I’ve updated this thread about running HSDS without docker: How do I solve this HSDS S3 error?.


#7

Joey is one of my engineers so we are working to the same goal.


Mike Jackson


#8

John,

To simplify things a bit, we decided to just set up HSDS in the Docker container and use POSIX storage to take S3 out of the equation so that we can verify we can just get that simple setup working before proceeding to install it without Docker and with S3.

So far we are able to run the Docker image using the ./runall.sh command and then start following the directions in the post_install.md file.

The first issue we ran into was an authentication error because for whatever reason the Docker image wasn’t picking up our passwd.txt file even though it’s located at admin/config in the HSDS repository… we followed the directions and copied the template file to create passwd.txt. I assume that Docker mounts admin/config as /config in the Docker image, and that’s how Docker should be accessing the file. However, that appears to not be happening since we were still getting an authentication error. We got around this by just copying the passwd.txt file into the Docker image itself, but that seems like an insecure/hacky solution.

Next, we ran h5configure, created the home directory (hstouch -u admin -p <admin_passwd> /home/), and setup home folders for our user names (hstouch -u admin -p <admin_passd> -o <username> /home/<username>/)
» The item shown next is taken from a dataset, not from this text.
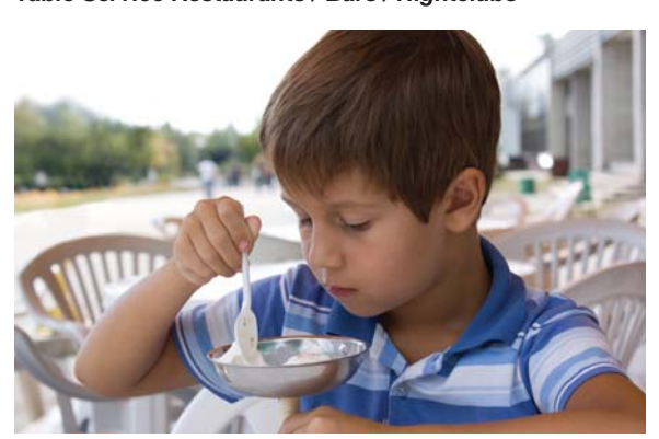
Quick Service Restaurants / Ice Cream Parlors

I was then able to run hsload -v ~/path/to/HDF5/file /home/<username>/ to upload an HDF5 file to my username’s home folder. I verified that it worked by navigating in a terminal to the location of the home folder and the file was sitting there. However, whenever I then try to run hsget -v /home/<username>/ /path/to/created/HDF5/file it gives me this error:

Error opening domain /home/<username>/: [Errno 400] Invalid domain name

As I said, I checked that my domain exists because it’s right there on the file system with the file that I’m trying to download sitting in there. Maybe I’m using the hsget command incorrectly? Is there an example somewhere on how to use that command?

One other question: how do I delete a non-empty user home domain so that I can create it again and re-upload the same file again? I tried using hsdel -v -u admin -p admin --bucket hsds.test /home/<username>/ but it keeps giving me this:

Parent domain: /home/ not found


#9

Getting things going first with Docker makes sense.

When you do runalls.sh, do you see this in the first line of output:

ROOT_DIR set, using admin/docker/docker-compose.posix.yml

?

docker-compose.posix.yml mounts $PWD/admin/config to /config in the container, so the password file should be there.

If you do: docker exec -it hsds_sn_1 bash, you can just do: ls /config to verify this.

Not sure what is going on with the domain not found errors, but I’d recommend sorting out the startup issues and then verifying the integration tests pass first.